As suggested by the name, the script can also integrate the data into a Galaxy instance if desired. This allows biologists to perform further data analysis, including visual inspection of the alignments in the UCSC browser.

Learn more

All components of the pipeline are open source and part of community projects. CloudMan, CloudBioLinux and the pipeline are customized through YAML configuration files. Combined with the CloudMan managed SGE cluster, the pipeline can be applied in parallel to any number of samples.

The overall goal is to share the automated infrastructure work that moves samples from sequencing to being ready for analysis. This allows biologists more rapid access to the processed data, focusing attention on the real work: answering scientific questions.

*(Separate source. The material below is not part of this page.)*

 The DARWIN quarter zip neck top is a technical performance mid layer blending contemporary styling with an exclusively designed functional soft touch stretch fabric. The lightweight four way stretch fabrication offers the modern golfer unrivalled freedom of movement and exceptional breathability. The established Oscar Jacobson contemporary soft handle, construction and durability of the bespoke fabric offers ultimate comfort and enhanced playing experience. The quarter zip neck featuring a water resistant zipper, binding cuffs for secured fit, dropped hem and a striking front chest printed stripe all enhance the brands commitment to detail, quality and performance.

If you’d like to hear more about CloudBioLinux, CloudMan and the exome sequencing pipeline, I’ll be discussing it at the AWS Genomics Event in Seattle on September 22nd.

Written by Brad Chapman

August 19, 2011 at 5:33 pm

19 Responses

Subscribe to comments with RSS.

  1. Thanks so much for the great walkthrough — I’m really looking forward to testing this out. Being new to AWS, I was wondering if you could say a bit more about what costs to expect for this type of application. It’s fairly clear how much the various instances cost from the Amazon EC2 pricing page, but do you always keep an instance running Galaxy or do you just start an instance to align a FASTQ file and then stop it? What about upload & download of FASTQ and output files — are there significant costs associated with that? And how do you handle long-term storage? Do you use S3 (which seems fairly expensive) or just store locally?

    Shaun

    August 20, 2011 at 10:00 pm

    • Shaun;
      Thanks much. In terms of cost the three major ones are the instances, storage and transfer. I run instances as needed for the processing, and then stop them when finished; this is by far the most cost effective way unless you need a publicly available server. To persist data between runs while in progress, I keep it on EBS stores; those are 10 cents per GB per month. CloudMan allows you to partition a separate EBS store and expand it as needed, which makes this easy. This allows you to terminate your clusters at will, saving on instance costs, and pick up right where you left off. Transfer is 10 cents per Gb out and free going in. Pulling out just the files you need, as I do in the ‘Retrieve results’ section, allows you to identify what you actually need long term and transfer that only when finished processing. For longer term storage that needs to be Amazon accessible, I use S3. Since I often have a local copy, reduced redundancy storage (http://aws.amazon.com/s3/#protecting) is a good option. If you are finished with something and just need to keep it backed up, transferring back to local hardware works well. A machine with a decent amount of disk is not too expensive; where Amazon provides a major advantage is in on-demand compute and scale. Titus Brown has a nice blog post about NGS computational resources which provides some numbers for compute and storage: http://ivory.idyll.org/blog/jul-11/how-much-compute-ngs.html

      My best recommendation is to try running some sample work and keep close track of the costs as you go. The billing gives you a detailed statement with broken down costs which makes it very easy to identify what the most expensive parts are and think of ways to minimize them. The major “oops” mistake people make early on is to accidentally leave instances running; as long as you avoid this by checking in the console when finishing processing you won’t be overwhelmed with a huge bill. Thanks again and hope this helps.

      Brad Chapman

      August 21, 2011 at 5:09 pm

      • Thanks for the reply Brad – very helpful.

        Shaun

        August 21, 2011 at 5:27 pm

  2. Good work, Brad! Are you using this on EC2? I would have thought there would be privacy concerns over medical data.

    Jeremy Leipzig

    August 23, 2011 at 10:31 am

    • Thanks Jeremy. All of the write up is for EC2, although the underlying distributed exome pipeline works on standard cluster systems and single multicore machines as well. We are using it on a more traditional NFS managed cluster. The big advantage of EC2 is that you can give the exact setup and data to reproduce and build off of; it’s frustrating to start a set of instructions with: “first, buy a cluster”.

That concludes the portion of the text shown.